# Information provided
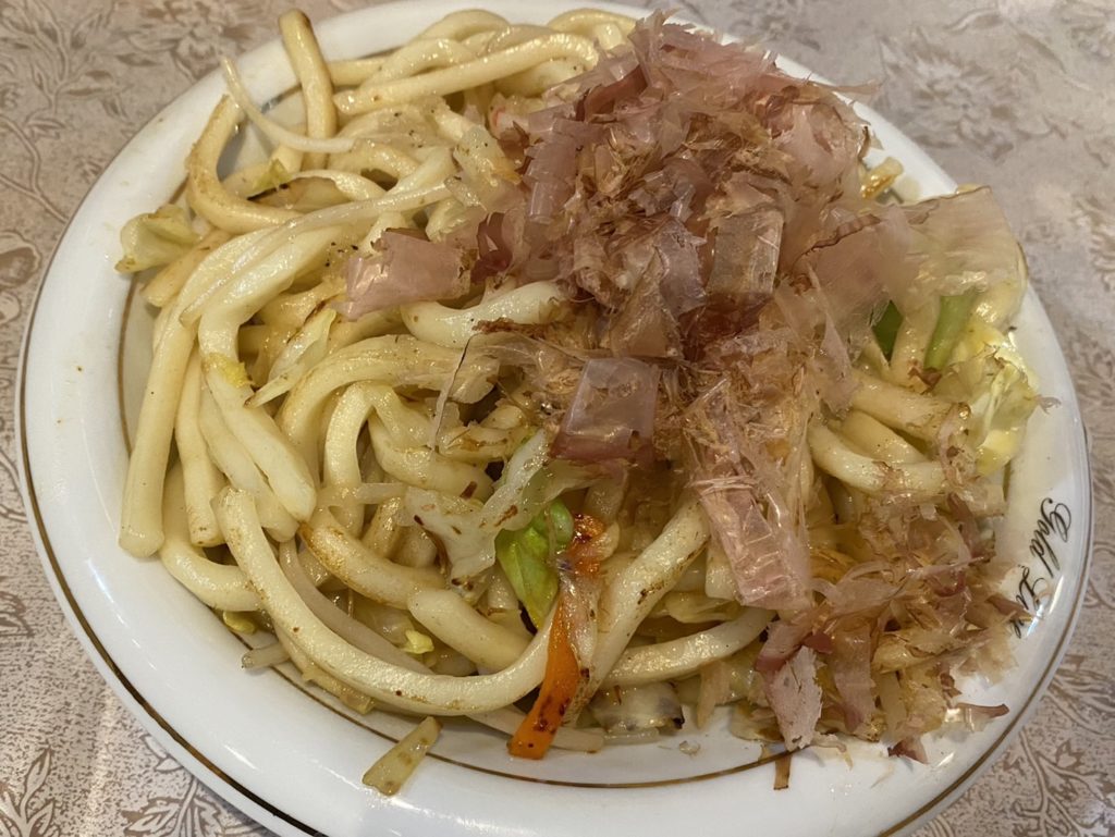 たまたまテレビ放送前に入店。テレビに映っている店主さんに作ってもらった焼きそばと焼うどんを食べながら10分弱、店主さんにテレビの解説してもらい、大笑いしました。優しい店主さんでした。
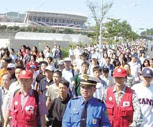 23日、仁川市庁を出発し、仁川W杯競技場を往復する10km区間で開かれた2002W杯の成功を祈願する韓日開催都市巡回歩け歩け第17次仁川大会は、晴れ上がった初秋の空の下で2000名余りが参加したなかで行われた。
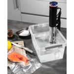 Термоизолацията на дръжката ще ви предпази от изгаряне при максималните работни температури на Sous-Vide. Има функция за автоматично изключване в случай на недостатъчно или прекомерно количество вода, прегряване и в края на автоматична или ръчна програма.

# Required action
Every line of the data above should be returned exactly, with the pictures removed.

# Your solution
 たまたまテレビ放送前に入店。テレビに映っている店主さんに作ってもらった焼きそばと焼うどんを食べながら10分弱、店主さんにテレビの解説してもらい、大笑いしました。優しい店主さんでした。
 23日、仁川市庁を出発し、仁川W杯競技場を往復する10km区間で開かれた2002W杯の成功を祈願する韓日開催都市巡回歩け歩け第17次仁川大会は、晴れ上がった初秋の空の下で2000名余りが参加したなかで行われた。
 Термоизолацията на дръжката ще ви предпази от изгаряне при максималните работни температури на Sous-Vide. Има функция за автоматично изключване в случай на недостатъчно или прекомерно количество вода, прегряване и в края на автоматична или ръчна програма.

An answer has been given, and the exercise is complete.